— И что же, тут и умер?
— Нет, зачем же. Умер он весной следующего года, но упал здесь, где стоит мрамор.
К вечеру пошел дождь и как-то потеплело. Мы возвращались по хорошей дороге через Цесис. Машина мчалась на большой скорости, но уже не дребезжала, и мы сидели тихие, просветленные. Видимо, что бы нас ни заботило, основная проблема человека, проблема всех проблем — это вопрос: как жить дальше? Мы бьемся над этим день и ночь, из смутных очертаний завтрашнего дня, стоящего перед всем миром, высекаем посильную задачу для себя, затем все это соотносим и опять заново ищем и бьемся. Это занимало нас еще утром того дня, еще несколько часов назад, и вот мы утихли. Мы уже знали, по крайней мере, на какое-то время знали, как дальше жить.
А еще я думал, сидя у мокрого от дождя окошка: какое, должно быть, счастье родиться латышским писателем, работать для народа, который воистину любит своих художников, знает о них все и ставит им памятники не только на площадях и могилах, но и на тех роковых местах, где им суждено было пасть.
Моцарт в конце лета
Сосны, березы, и вот меж ними снова светится голубизна, и вот мы снова выбираемся к голубому простору, к этому извечному богу северной красоты. По песочному пляжу идет старый латыш в поношенной полотняной кепочке, в таком же поношенном полотняном костюме. Его тут знают почти все. В самые жаркие дни лета он появляется вдруг на пляжах Рижского залива. Идет уныло, таща на себе складной алюминиевый столик, тоже складное и тоже алюминиевое креслице. Идет, волоча по песку старые, истоптанные ботинки, идет сосредоточенный, задумчивый, ничего не видя и не слыша вокруг…

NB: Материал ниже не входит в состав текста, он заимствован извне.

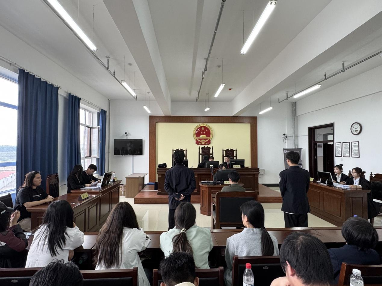 本网讯(通讯员 邢嘉倪)为深化法学实践教育,厚植法治信仰,公共管理学院联合吉林瀛庆律师事务所于2025年5月22日举办“法槌之声 律学共鸣”高校律所模拟法庭实战活动。活动特邀吉林瀛庆律师事务所田泽众、张扬、林成律师担任审判人员,与学院法学系24级学生共同还原真实庭审现场,以“实战+思辨”助力青年法学生成长。梁轩阁、邱帅、赵宁律师、法学系主任宋浩老师作为嘉宾出席活动。活动由学院副院长冯娜老师主持。
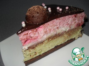 Глазурь: залить холодной водой 6 г листового желатина. Смешать 0,5 ст. сахара, 4 ст. л. какао,125 мл сливок и 1/4 ст. воды. Довести до кипения, поварить 1 минуту, снять с огня и добавить отжатый желатин. Остудить и вылить на торт.
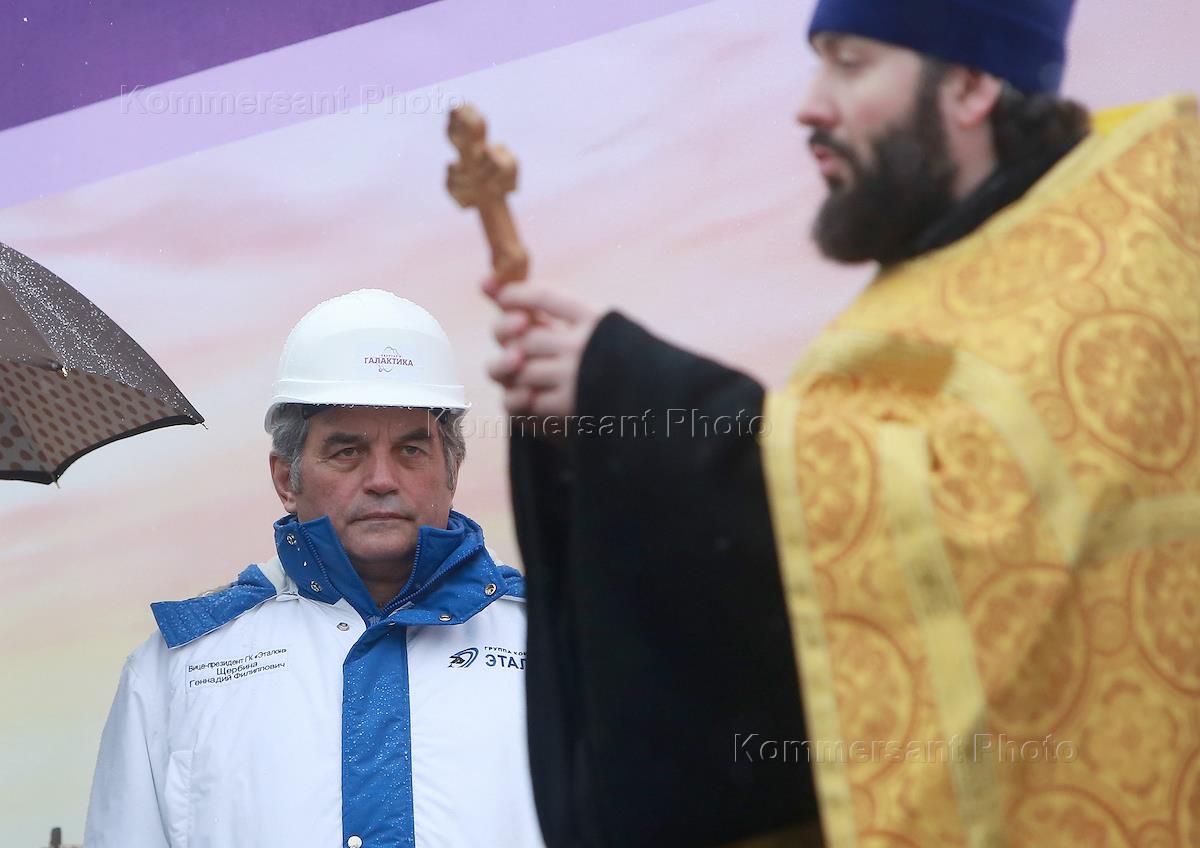 Генеральный директор ЗАО ССМО "ЛенСпецСМУ" Геннадий Щербина на церемонии заливки первого бетона, посвященной началу строительства объекта ЛенСпецСМУ жилого квартала "Галактика" в Санкт-Петербурге.
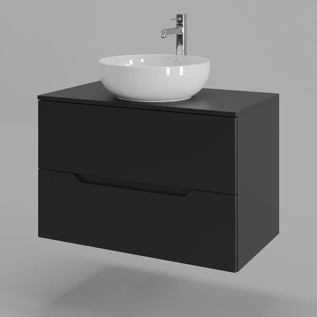 Тумба подвесная с накладной раковиной Orange Line отличается современным дизайном. Изготовлена из МДФ высокой плотности. Мебель покрыта пленкой ПВХ с технологией Soft Touch — ламинация класса премиум, с повышенными тактильными свойствами. Пленка обеспечивает дополнительную защиту мебели от влаги и перепадов температуры. На ящики установлены комплекты скрытых направляющих Hettich, обеспечивающие полное выдвижение и имеющие встроенную систему плавного и бесшумного закрывания. Исполнение - матовое. Материал раковины - фарфор. Отверстия в столешнице под раковину и смеситель монтируются самостоятельно.
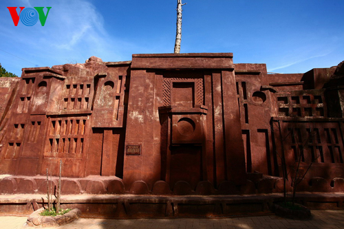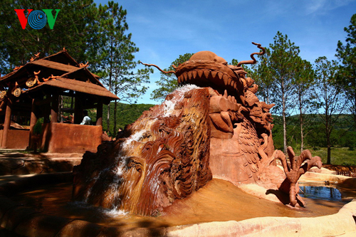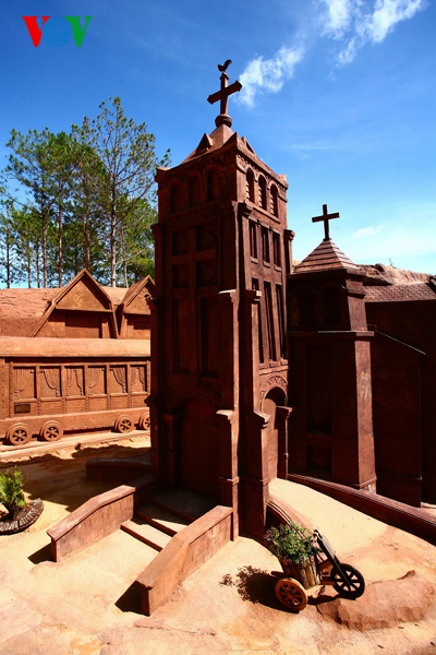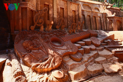 “Der Tunnel der Bildhauerei” wird aus dem roten Lehm des Hochlands und einigen anderen Baumaterialen gebaut Die Zusammensetzung ergibt einen natürlichen und starken Baustoff in der typisch roten Farbe des Bodens. Der Plan zum Bau dieser Einrichtung wurde seit 2008 ausgearbeitet. Nach vielen Versuchen ist es dem Inhaber des Tourismusgebiets Trinh Ba Dung gelungen, das beste Baumaterial für die Errichtung des großartigen Bildhauerwerks zu finden. Das Werk ist das Ergebnis der Arbeit von mehr als 100 Malern, Bildhauern und Maurern.
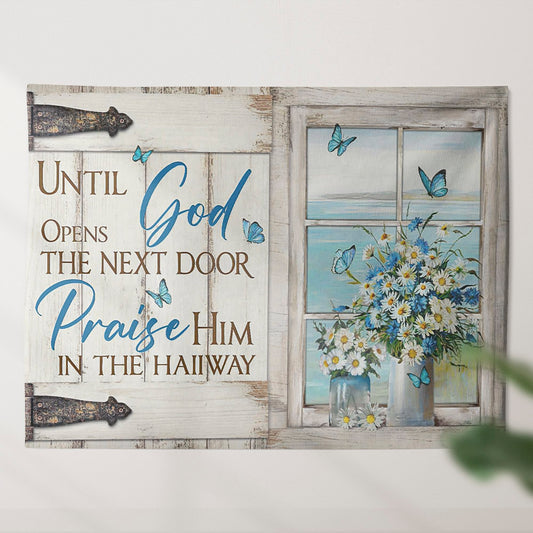 Until Opens God The Next Door Praise Him In The Haiiway - Butterfly - Tapestry Wall Hanging - Christian Wall Art - Tapestries - Ciaocustom
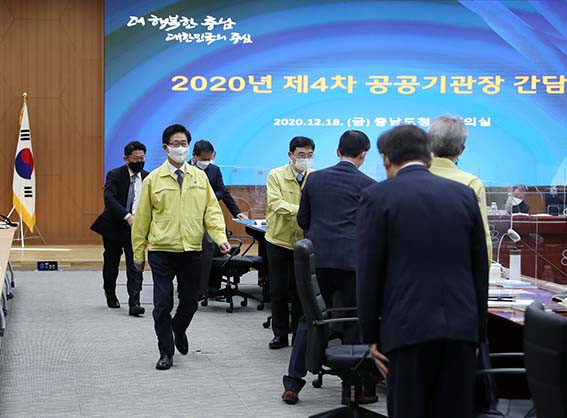 ÇÑÆí À̳¯ °£´ãȸ´Â ¡®°ø°øºÎ¹® Äڷγª19 ¹æ¿ª°ü¸® °È ¹æ¾È¡¯¿¡ µû¶ó Âü¼® ÀοøÀ» 50¸í À̳»·Î Á¦ÇÑÇϰí, ¹æ¿ª¼öÄ¢À» öÀúÈ÷ ÁؼöÇØ ½Ç½ÃÇß´Ù.

Многим, наверное, ведомо, что такое жаркие дни лета на Рижском взморье. Утверждают, что при хорошей погоде этот курорт не знает себе равных в мире, и, видимо, так оно и есть. Ленточка горячего песка в пятьдесят-шестьдесят километров, чуть выгнутая дугой, окаймленная с одной стороны хвойным лесом, а с другой, на сколько видит глаз, голубым морем Балтики. Немыслимое количество народа. Дети, взрослые, молодежь. Особенно молодых, особенно женщин много. Бесчисленное море молодых тел — только глаза чуть прикрыты темными очками, или пластмассовым козырьком, или зачитанной книжкой, и в этой атмосфере карнавала и визга купающихся трудно представить себе что-либо более смешное, более нелепое, чем этот старый латыш в истоптанных ботинках.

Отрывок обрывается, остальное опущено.